Dark shrugged. “These perforations. That means like holes. You think of overdose?”
“Overdose is contraindicated. The diagnosis of snakebite was made by an Indian doctor who is familiar with cobra bite.”
“A cobra snake?” Dark almost smiled. “I can see why you’re not standing on that diagnosis, doc.”
“We’re standing on it, officer, unless we’re contradicted by the autopsy report. I phoned the M.E. and asked them to expedite a report. The soonest they can get around to it is early tomorrow morning.” He smiled sourly. “They say they’re very busy.”
“Everybody’s very busy,” Dark said. “So what do you want me to do, doc?”
“Hell,” Shapiro said, “that’s your business. How do I know? Check out the various zoos, pet shops….”
“This time of the night? When we don’t even know for sure that there’s a snake, which I personally doubt it’s a snake? Tell you what I would do, doc—wait for the autopsy
report. How long does it take them to do an autopsy?”
“Who knows? Some of those fellows can dawdle over their work for hours. It’s like looking up a word in the dictionary and being waylaid by a dozen other words on the page that you get curious about. You know?”

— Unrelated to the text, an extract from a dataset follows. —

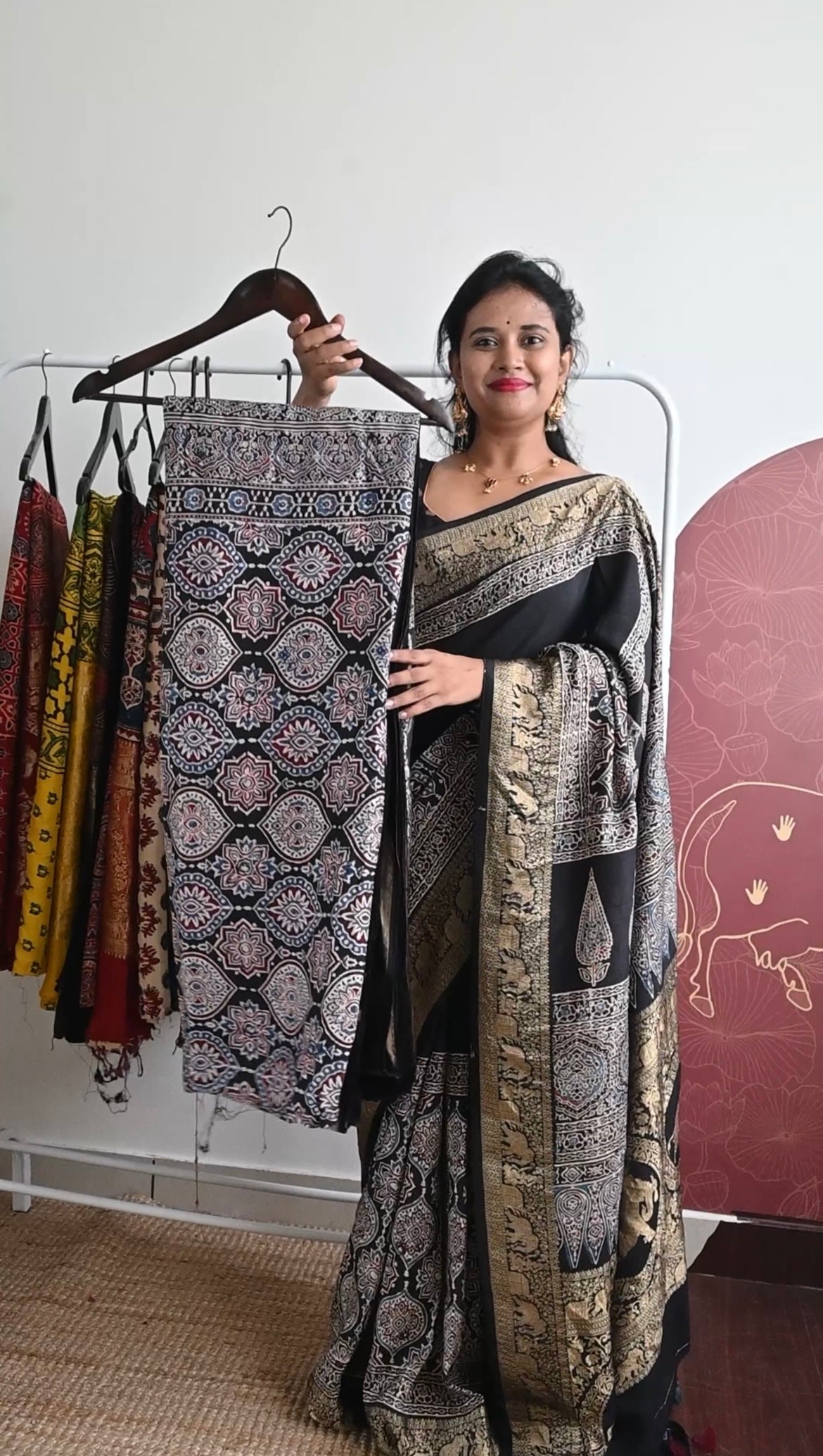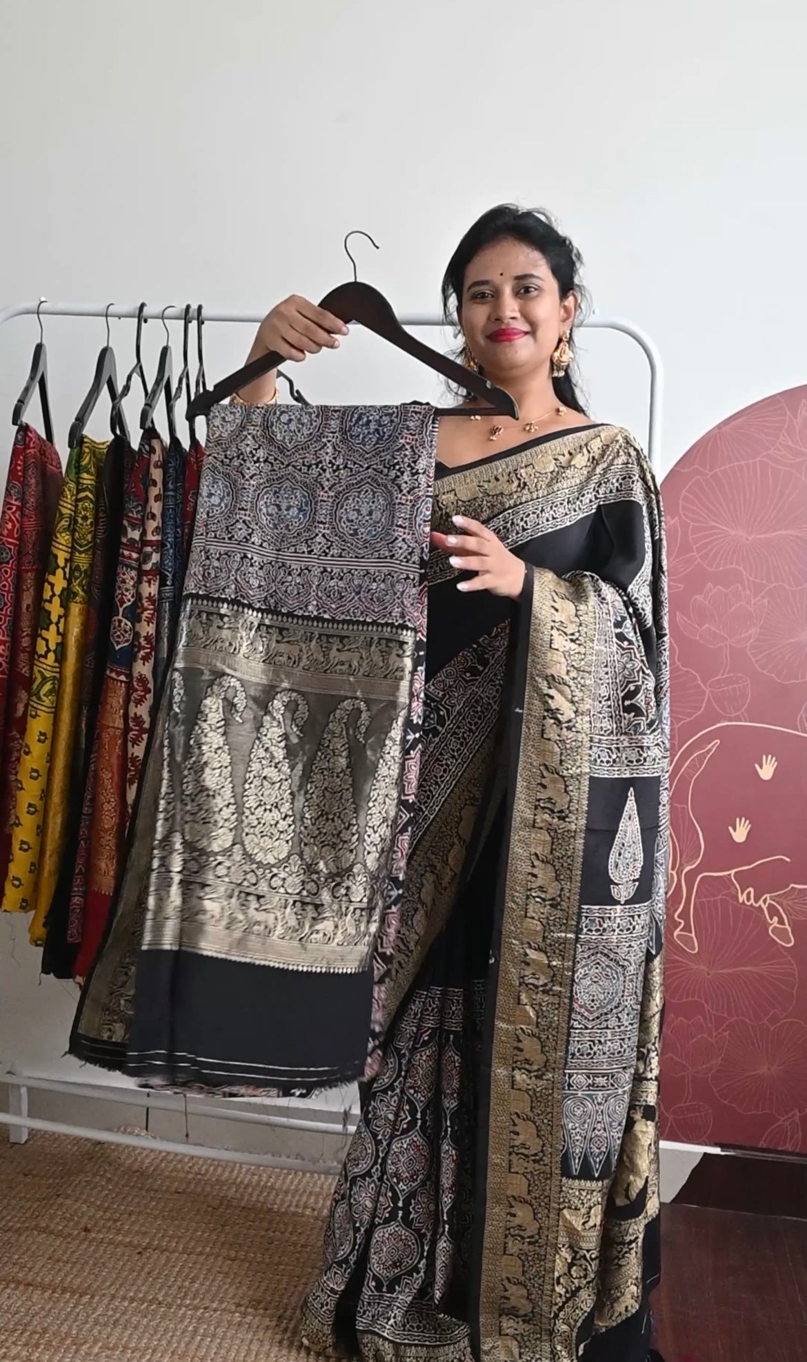 Elevate your ethnic wardrobe with this exquisite Dola silk saree, adorned with traditional Ajrakh hand block prints crafted by skilled artisans. Made using age-old techniques and dyed naturally without chemicals, this saree is a beautiful blend of heritage, sustainability, and elegance.
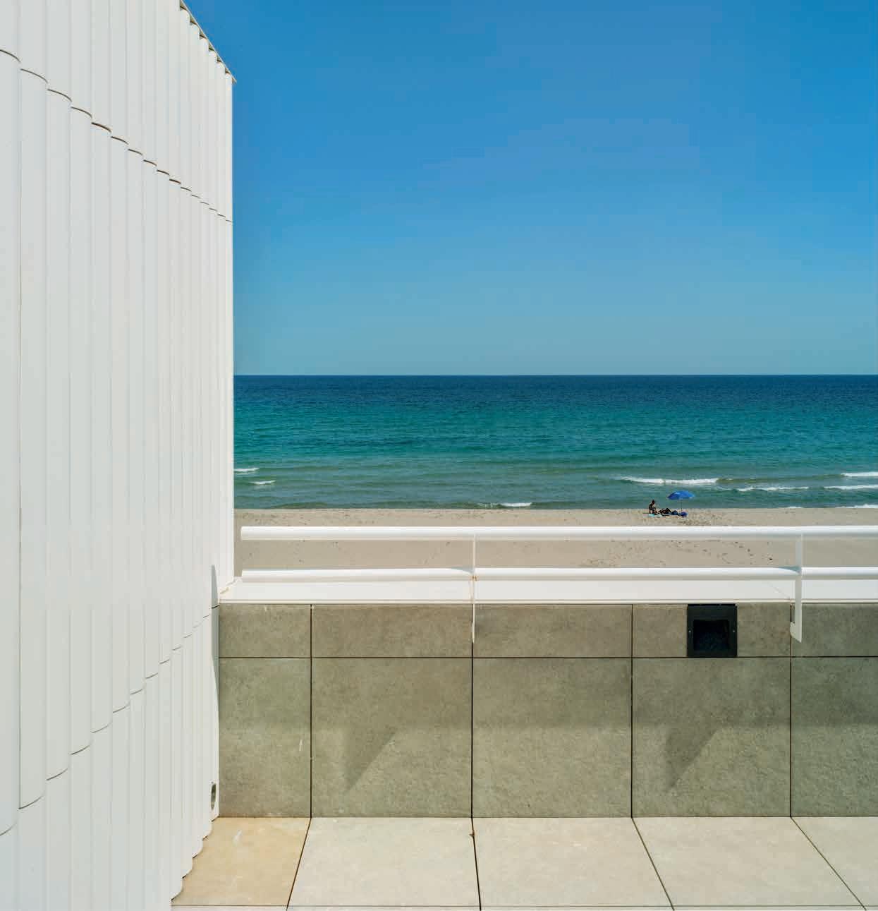 “Casa frente al mar (Casa di fronte al mare)” di Martín Lejárraga a Murcia. Concettualmente, l’intervento si sviluppa su due piani diversi dal punto di vista funzionale e materiale. Quello inferiore, a contatto con la sabbia e i bagnanti, è duro, strutturato e ruvido, realizzato con un reticolo di ceramica. Il piano superiore, più chiuso e astratto, è carat-

“Well, doc….” Dark put away his notebook, in which he had hardly made an entry. “I honestly think we ought to wait for the morning. There ain’t a thing we can do right now, anyway.”
“Two men have been bitten in the park—allegedly bitten, as you say, I’ll accept that—and who is to say that by morning there won’t be a third?”
“I tell you, doc, anybody who goes into that park at night is likely to get killed one way or another. If he doesn’t get bit by a cobra snake, he’s gonna get himself killed some other way. Fact, we had a guy shot dead in the park just last night around three in the morning.”
Shapiro sighed. “Well, I’m just trying to do what I think is best.”
“Me too,” Dark said.
***
The snake lay on the black rock under the sun, its length spread out in gentle curves.
During the night, lying in its tree, the snake had lost its fangs, but new fangs had already moved up into position.
The snake’s upper jaw contained only two teeth, the poison fangs, ankylosed to the inside of the jawbone. The fangs were connected to the poison gland, and conducted venom from it through a canal. The fangs of a poisonous snake were subjected to much wear, and had to be replaced from time to time. Sometimes, they broke off prematurely. But substitute fangs, always growing just behind the functioning ones, would move up to take the place of the lost fangs. This cycle of loss and replacement continued throughout the snake’s life.
Because of the continuing heat wave—now in its fourth day—the snake had lost little of its body heat during the night. Now, in the fierceness of the morning sun, it basked for only a brief time.